Konzept eines Roboters, basierend auf einem aktiven Kontaktflansch. Mittels dieser Technologie ist der Roboter in der Lage, Lasten über 50 kg „butterweich“ zu hantieren.
© TUMZiel des aus internationalen Partnern bestehenden Konsortiums ist die Entwicklung neuer Methoden und Systeme als Fundament für eine neue Generation von Robotern im industriellen Umfeld. Das heißt: Die Produktion soll flexibel und adaptiv bei Änderungen der Roboterumgebung und des Prozesses erfolgen können. Weiter sollen eine intuitive Programmierung und Rekonfiguration der Systeme ohne Roboterkenntnisse sowie eine Verbesserung der Ergonomie des Arbeitsplatzes in der Produktion entstehen. Nicht zuletzt ist vorgesehen, dass ein kooperatives Arbeiten zwischen Mensch und Industrieroboter die Durchführung von Prozessen in handarbeitsintensiven Produktionsstätten erlaubt beziehungsweise erst ermöglicht.
Ausgangspunkt für das Projekt ist die Tatsache, dass die geschilderten Anforderungen bei der Verpackung großer Elektronikartikel eine hohe Hürde für die derzeit in der Industrie installierten Robotersysteme darstellt.
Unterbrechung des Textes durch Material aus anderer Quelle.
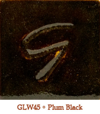 Rich, glossy black with deep purple and brown tones. Plays well with other glazes: try it under White Cloud (PG641) or Ohata Red (GLW34). Food-safe.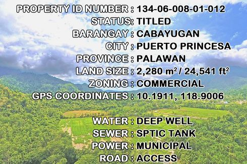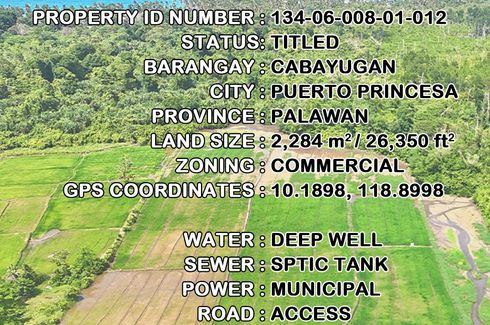 This property is FSBO | All Reasonable Offers Will Be Considered | Financing Options Available | Open to Joint Venture Opportunities | Inquire Through This Advertiser!DETAILSPP11-005-0788h | Titled | 2,280 m2 / 24,541 ft2 | GPS - 10.1911, 118.9006 | Cabayugan, Puerto Princesa City, Palawan | ₱4,500/m2 / ₱10,260,000 / $10,260,000RESERVATION A ₱20,000 non-refundable reservation fee secures this...

Weiter ist die Entwickelung von Robotersystemen und deren Integration sehr aufwendig und der industrielle Stand der Technik gleicht meist einem Patchwork von Ad-hoc-Lösungen. Hinzu kommt: Der Aufwand und die Kosten für die Integration beziehungsweise Rekonfiguration von Anlagen sind enorm und übertreffen bei Weitem die Kosten der eingesetzten Roboterkomponenten. Einer der Gründe hierfür ist der Aufwand für etablierte, langsame Programmiermethoden und für die nötige Präparation des Roboterarbeitsraumes und der Werkstückdarbietung, bevor Robotik und Automation überhaupt arbeiten können. Diese Barrieren haben zur Folge, dass derzeit nur etwa 25 % aller potenziellen
Anwendungen „roboterisiert“ werden.
Die technologischen Eckpfeiler
Eines der Kernziele von CustomPacker ist die Realisierung adaptiver Autonomie. Entsprechende Systeme sind in der Lage, Aufgaben, Prozesse und Systemeinstellungen selbstständig durchzuführen. Der Grad der Autonomie ist dabei nach einer Bewertung der Ist-Situation durch den Benutzer intuitiv steuerbar. Sind Prozesse und Modelle der Umwelt beziehungsweise des Roboterarbeitsraums klar definiert, kann das System auf höchsten Autonomie-Level betrieben werden. Bei unstrukturierten Umgebungen oder dynamischen Umgebungen ist menschliches Eingreifen zur Problemlösung möglich. Wesentliche Komponenten des autonomen Systemverhaltens bilden die Komponenten Szenenmodellierung des Arbeitsraumes und automatische Pfadplanung.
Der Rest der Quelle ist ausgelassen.